According to Ramzan Kadyrov, head of the Chechen Republic, gay men don't exist in the country — so there can't possibly be any anti-LGBTQ violence.
The leader was interviewed recently by David Scott, from HBO’s Real Sports, and vehemently denied that reports of gay men being tortured and held in concentration camps in Chechnya were true.
“This is nonsense,” he said in response to a question from Scott, the Independent reports. “We don’t have those kinds of people here. We don’t have any gays.”
In the off-chance that gay people do actually exist in Chechnya, though, Kadyrov told Scott that he would suggest taking them to Canada, so that they're far away from Chechnya and "to purify our blood."
The leader went on to call the men who have escaped the camps and detailed the torture they experienced "devils" and said that "they are not people" for accusing the country.
Reports that gay and bisexual men were being captured and tortured in Chechnya first surfaced in April, after Russian newspaper Novoya Gazeta broke the story. Although Vladimir Putin backed an investigation into the claims, the Russian Embassy said that investigations are complete and "there are no victims of persecution, threats or violence."
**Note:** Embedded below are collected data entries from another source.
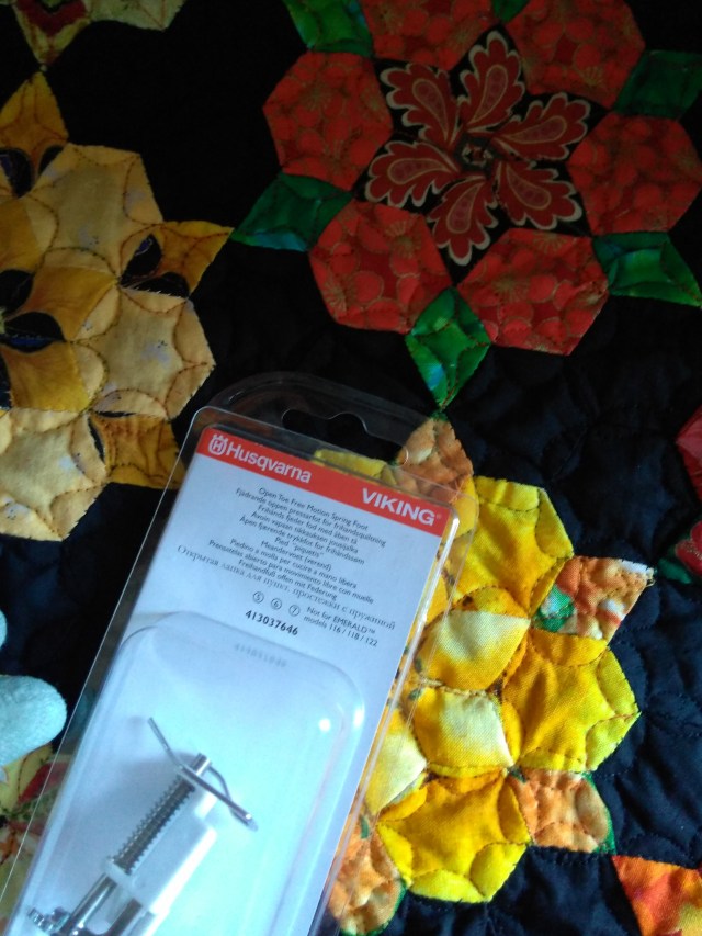 … and now that I’ve received the replacement for the broken free-hand quilting foot, I’m continuing on the hexagon quilt. It’ll take me a long, long time, which is ok as I’ve got plenty of that on my hands.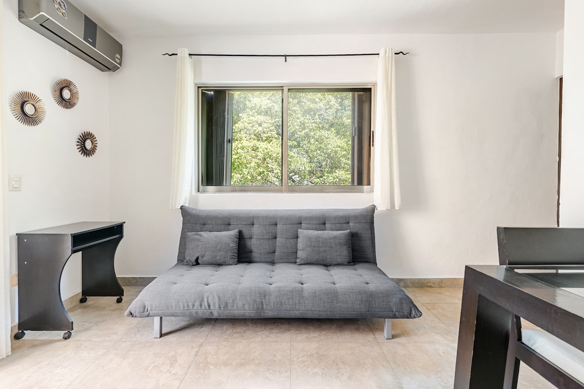 В нескольких шагах от моря и знаменитой 5-й авеню, в безопасном районе, эта фантастическая квартира идеально подходит для тех, кто любит хороший образ жизни. Собственная терраса с джакузи с видом на тропический сад, бесплатный WI-FI и частная парковка. В Aluxeshome есть большая комната для отдыха с диваном-кроватью, спальня, 2 ванные комнаты и кухня. Лифт и охрана. Рядом с лучшими пляжными клубами, ресторанами, кафе, магазинами, искусством и музыкой местных жителей. До него легко добраться на автобусе, такси или машине ADO.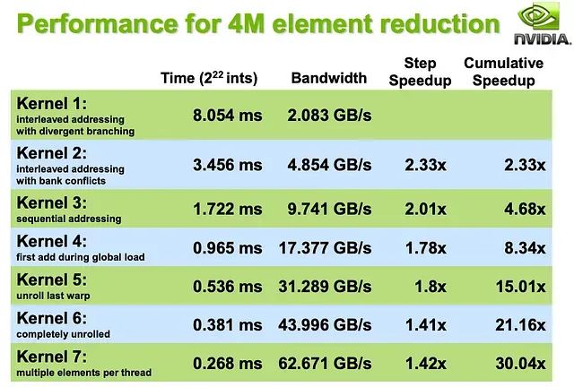 由于既不受带宽限制也不受计算限制,还存在第三个潜在瓶颈:指令开销。这包括GPU执行的所有辅助指令,这些指令不直接参与数据加载、存储或归约的主要算术操作。具体包括地址算术运算(计算下一个要加载的地址空间)和循环开销(处理循环逻辑、条件判断和迭代控制)。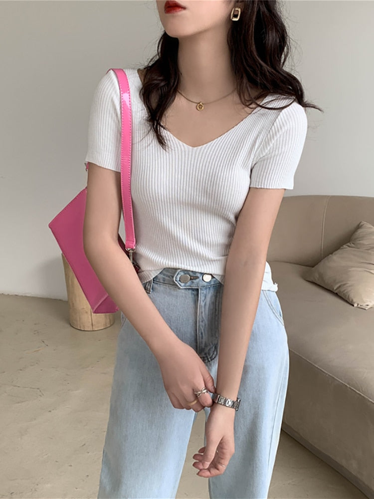 Dámský jednoduchý svetr s krátkým rukávem a výstřihem. Více barev na výběr.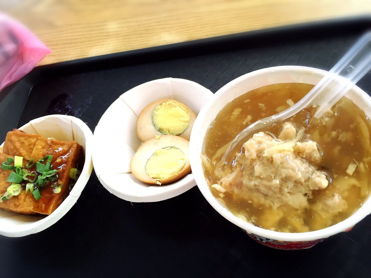冰讃が開店前だったので近くをウロウロしてて見つけました。ローカル食堂が大好きなので店構えを見て入ってみました。お客様はローカル100%注文は指差しで大丈夫。その場で熱々をよそってくれます。お肉のスープと茶葉蛋、厚揚げの煮込みみたいなのをオーダー。スープは甘みがあって美味しかったです。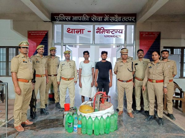 सीतापुर : पुलिस अधीक्षक सीतापुर अंकुर अग्रवाल द्वारा अवैध शराब निष्कर्षण, बिक्री एवम् परिवहन की रोकथाम हेतु ऐसे आपराधिक कृत्यों में लिप्त अपराधियों के विरूद्ध प्रभावी कार्यवाही हेतु निर्देश दिये गये हैं । दिये गये निर्देशों के अनुपालन के क्रम में क्षेत्राधिकारी मिश्रिख श्री दीपक कुमार सिंह के निकट पर्यवेक्षण में थाना नैमिषारण्य एवम् आबकारी विभाग की संयुक्त पुलिस टीम द्वारा 02 अभियुक्तों 1. छत्रपाल पुत्र रामबक्श 2. लवकुश पुत्र छत्रपाल निवासीगण ग्राम पियना मजरा पनाहनगर थाना नैमिषारण्य सीतापुर को ग्राम पियना से अवैध शराब का निर्माण करते हुए गिरफ्तार किया है। मौके से एक अदद गैस चूल्हा 02 बर्नर, एक अदद घरेलू गैस सिलेण्डर, एक अदद रेगुलेटर मय पाइप, एक अदद लाइटर, दो अदद टीन के डिब्बे मय निष्कर्षण पाइप लाल रंग मय 18 अदद कोल्ड ड्रिंक की सवा दो ली० की प्लास्टिक की बोतल में करीब 36 लीटर तथा 70 अदद 100 ML की सफेद पारदर्शी पन्नी में करीब 07 लीटर कुल 43 लीटर अवैध कच्ची शराब 01 अदद प्लास्टिक पीले रंग की 20 लीटर की बाल्टी, एक अदद मग्गा बरामद हुआ है। कार्यवाही के संबंध में थाना नैमिषारण्य पर मु0अ0सं0 66/25 धारा 60(2) आबकारी अधिनियम पंजीकृत कर अभियुक्तों का चालान माननीय न्यायालय किया जा रहा है। अभियुक्तों द्वारा अवैध कृत्यों से अर्जित सम्पत्ति का पता लगाकर नियमानुसार निरोधात्मक कार्यवाही भी की जायेगी।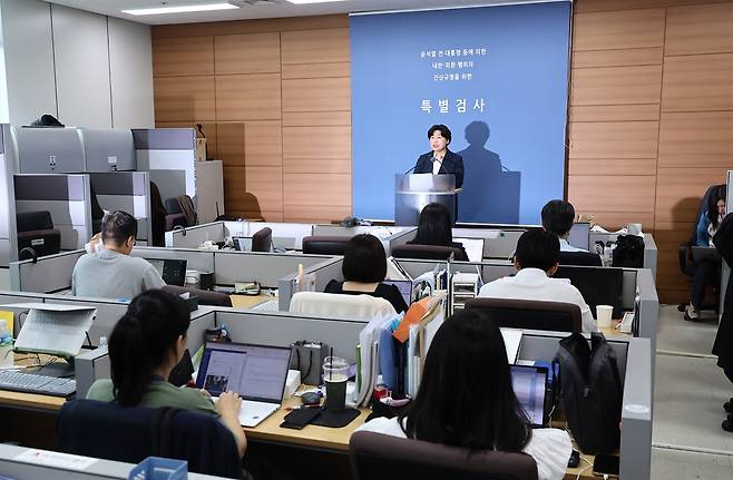 | ▲ 박지영 내란 특검보가 15일 서초구 서울고검에서 진행된 브리핑에서 발언하고 있다. |

A report from the Human Rights Watch in May implicated Kadyrov and other top Chechen officials in the violence, and claimed that Kadyrov has "repeatedly condoned honor killings," in which family members kill someone for being gay because it brings shame to the family name.
Given his past and his clearly disdainful feeling for LGBTQ people, it's obvious that we should be taking his denial of the torture with a huge grain of salt.